Data in this exercise: Begin

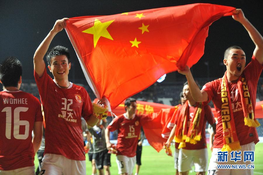 5月15日,廣州恒大隊(duì)球員孫祥(左)、趙旭日手舉國(guó)旗慶祝勝利。當(dāng)日,在亞冠聯(lián)賽小組賽最后一輪比賽中,廣州恒大隊(duì)客場(chǎng)以2比1戰(zhàn)勝泰國(guó)武里南聯(lián)隊(duì),晉級(jí)亞冠聯(lián)賽16強(qiáng)。 新華社發(fā)(拉亨攝)
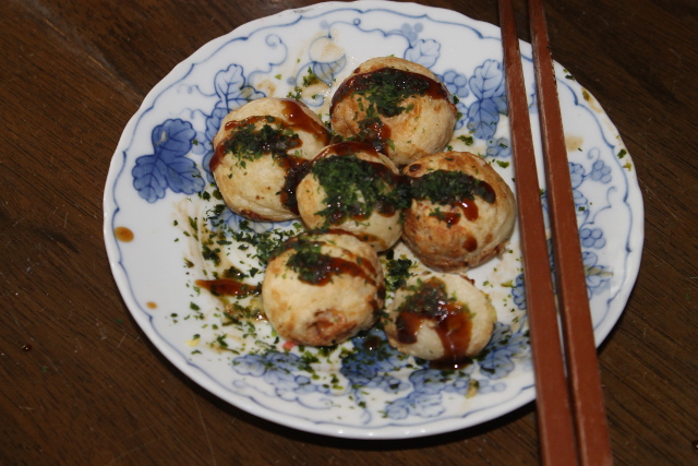 すごくいいお天気(てんき)でしたが、お昼前(ひるまえ)からBSでヤンキースとエンゼルスの試合(しあい)を見(み)ながら、息子(むすこ)とたこ焼(や)きを焼(や)きました。たこの代(か)わりにちょっと値(ね)が張(は)った上等(じょうとう)のちくわを入(い)れてみました。
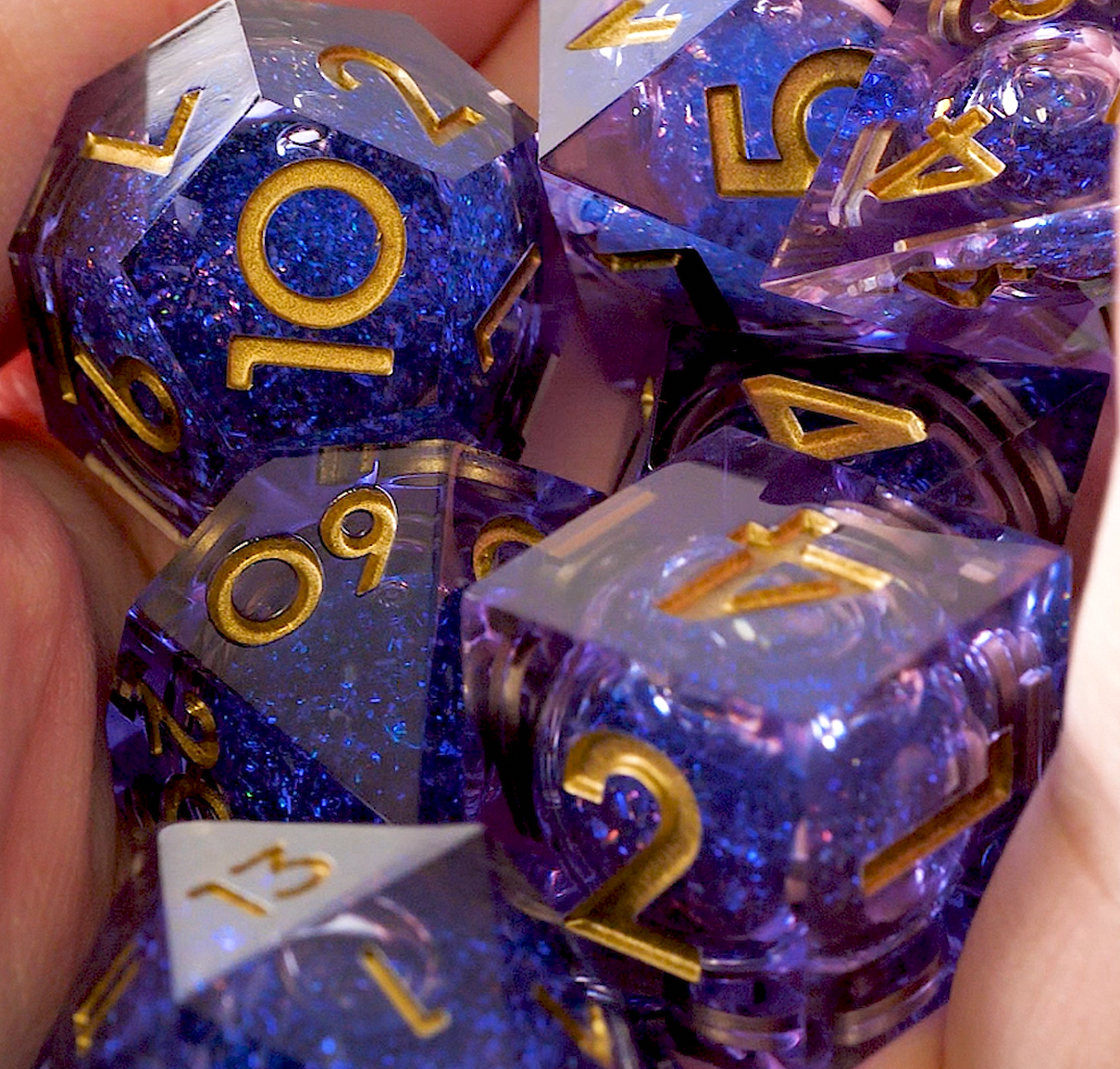 Featuring a gorgeous indigo shell with a shimmering liquid core, glitter inclusions, and gold ink, these dice will make you believe you can manipulate the fabric of reality with every roll.
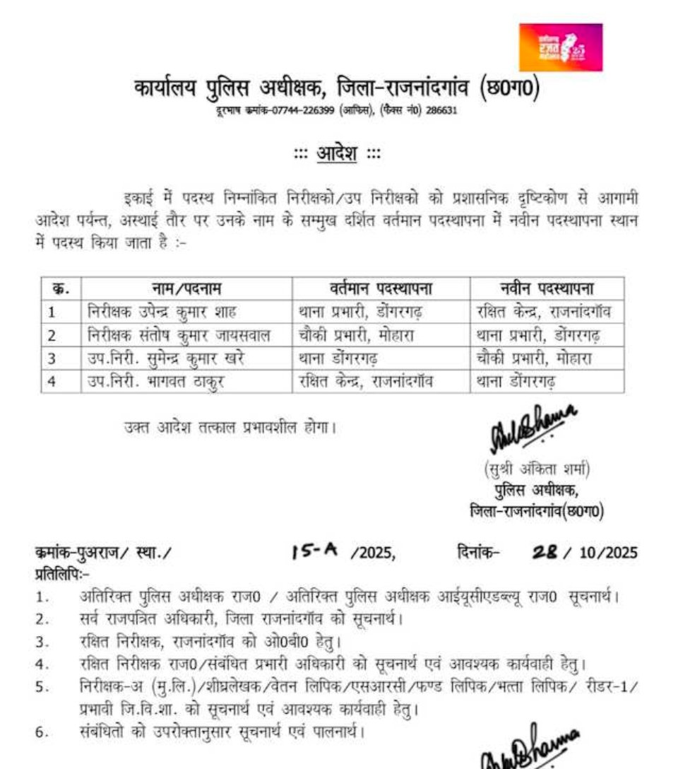 Rajnandgaon Action News : एसपी अंकिता शर्मा ने पदभार ग्रहण करते ही एक्शन लिया, थाना प्रभारियों का ट्रांसफर किया, लाइन अटैच भी किया…
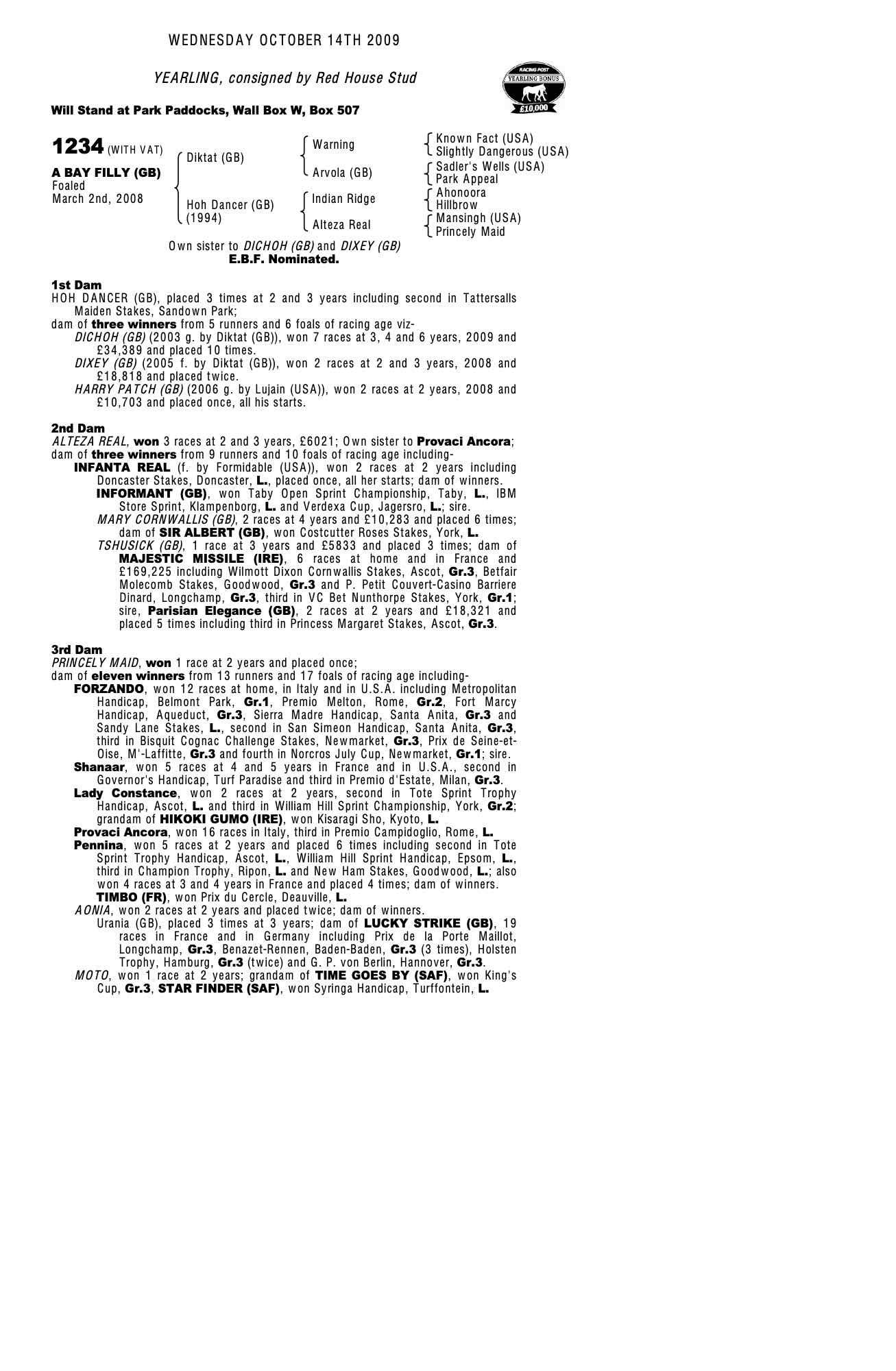 October Yearling Sale 2000 lot 103 F. by Petong , Red House Stud=>BBA (UK) 13,000 gns

Data in this exercise: End

Work to be completed ▸
The required output is the exact lines from the opening line of the entries through the line with "すごくいいお天気(てんき)で", inclusive, without pictures.

Response ▸
 5月15日,廣州恒大隊(duì)球員孫祥(左)、趙旭日手舉國(guó)旗慶祝勝利。當(dāng)日,在亞冠聯(lián)賽小組賽最后一輪比賽中,廣州恒大隊(duì)客場(chǎng)以2比1戰(zhàn)勝泰國(guó)武里南聯(lián)隊(duì),晉級(jí)亞冠聯(lián)賽16強(qiáng)。 新華社發(fā)(拉亨攝)
 すごくいいお天気(てんき)でしたが、お昼前(ひるまえ)からBSでヤンキースとエンゼルスの試合(しあい)を見(み)ながら、息子(むすこ)とたこ焼(や)きを焼(や)きました。たこの代(か)わりにちょっと値(ね)が張(は)った上等(じょうとう)のちくわを入(い)れてみました。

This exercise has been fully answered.